Sometimes writing a dissertation on vast a topic provides tons of facts. For students, it often becomes difficult to decide what they should include. In such topics, the presentation of data in the literature reviews as well as results analysis sections needs data summarization. Especially in the graduate dissertation, logical data presentation is of utmost importance. Hence, this article will discuss the best guidelines for data summarization in the dissertation.
Guidelines for Data Summarization in Literature Review
The literature review is a section to present the findings of past studies related to your topic. It gives an overview of the present knowledge. It allows researchers to pick the relevant theories. Further, it aims to identify any gap in the past research. The literature review writing is a process that consists of three steps:
- Critical evaluation
In the dissertation, the students must follow these data summarization guidelines at each step.
Summarization During Research
In the dissertation, the first step in every section of dissertation writing is research. In LR, the Keywords are of significant importance. We obtain keywords by the summarization of the topic. Most of the time, the key terms in a topic become the keywords. After that, the next step is to search for each keyword. But, what a student should do when the list of search results goes beyond their imagination? This is the point when they need to follow the data summarization techniques.
- The first step for data summarization in the LR is to customize the years of publication. The students can narrow down their search results by choosing articles from last 5-10 years. The research older than ten years decreases the authenticity. So, after narrowing down the results using the data filter, you have completed the first step of data summarization.

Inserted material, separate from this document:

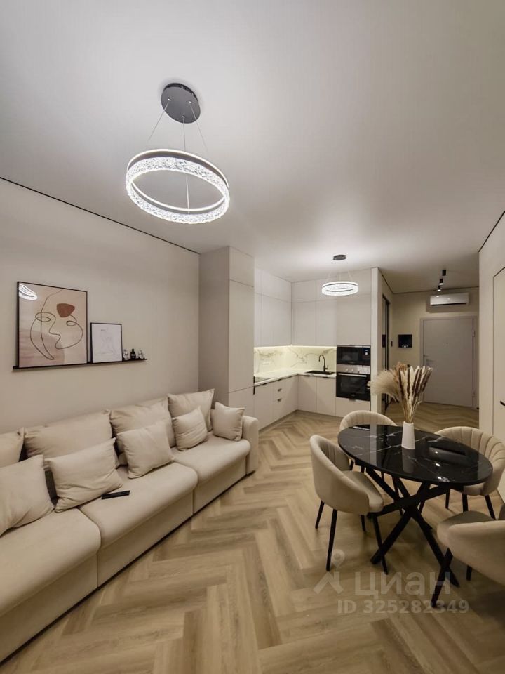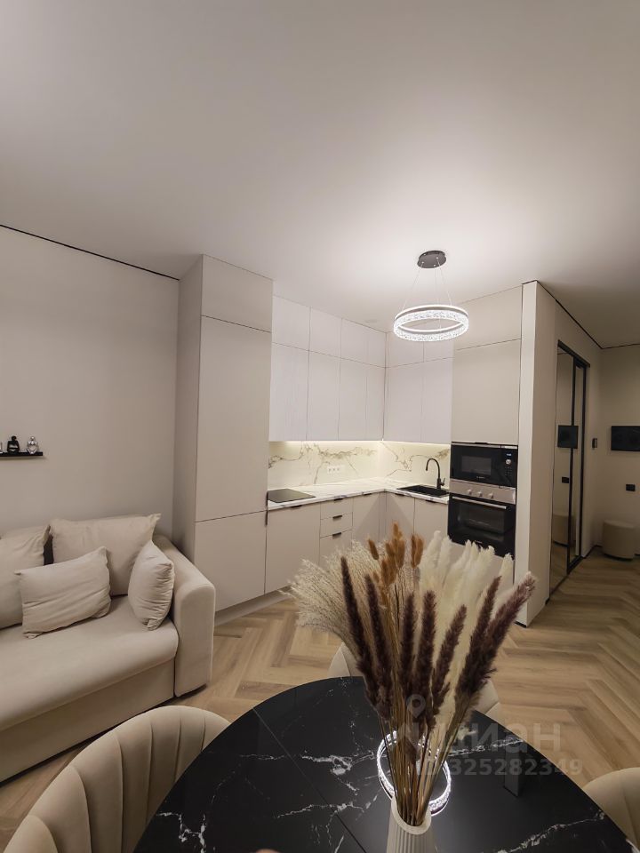 Абсолютно новая квартира со свежим ремонтом, гостиная объединена с кухней, отдельная спальня. Квартира сдается с мебелью и техникой. Кровать шириной 180 см, диван в гостиной раскладной. В прихожей очень вместительный шкаф, в спальне-тоже

- The second step to summarize the scholarly sources for an LR is eligibility criteria. For making the eligibility criteria, the students make two lists. The first list should be the inclusion criteria list. In contrast, the other will be the exclusion criteria list.
Inclusion Criteria List:
The inclusion list contains factors on which you decide what source you will consider useful. This decision may base on the following things:
- The information in the abstract
- The credible sources of information
- Number of relevant hints
- Title of the research paper
- Methodology of the paper
- The final presentation of the results
Exclusion Criteria list:
Like, in the exclusion criteria list, you should consider the factors you decide what source you will consider useless. This decision is also based on the things mentioned above. Hence, the eligibility list of the sources is the most important in LR data summarization.

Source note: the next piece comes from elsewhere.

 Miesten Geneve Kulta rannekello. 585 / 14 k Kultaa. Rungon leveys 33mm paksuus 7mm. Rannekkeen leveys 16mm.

Data Summarization During The Critical Evaluation
The next phase in data summarization is the presentation of logical or concise critical evaluation. The dissertation writing guidelines suggest that each paragraph must contain 150-200 words. So, for data summarization, you must structure your Literature review using relevant theories and tell the reader how these theories relate to your Literature review.
Hence, first, you need to write a concise topic sentence. Then, you should give at least two pieces of evidence for the topic sentences. Right after the evidence is the best place for the critical evaluation. The critical evaluation is the researchers own interpretation he has gained during education. Afterwards, the last few lines explain the crux of the whole paragraph. Hence, on average, each sentence must contain 20-25 words. So, presenting a scholar’s work in this way is the best way of using it in a dissertation. Like in LR, the result analysis section of the dissertation also demands data summarization.
Guidelines For The Summarization In The Result Analysis Section Of The Dissertation
The result analysis section is the second most important part that needs data summarization. Some vast studies contain several variables. In this case, the students also need to summarize the result section.
- The merging technique is the best way to summarize the data with several variables. In the merging technique, the researchers merge closely related variables.
- Another helpful technique is to identify the relationship between dependent and independent variables.
The data summarization is an important aspect of the dissertation and carries a lot of weightage. To ace your dissertations, you should try to master the art of it.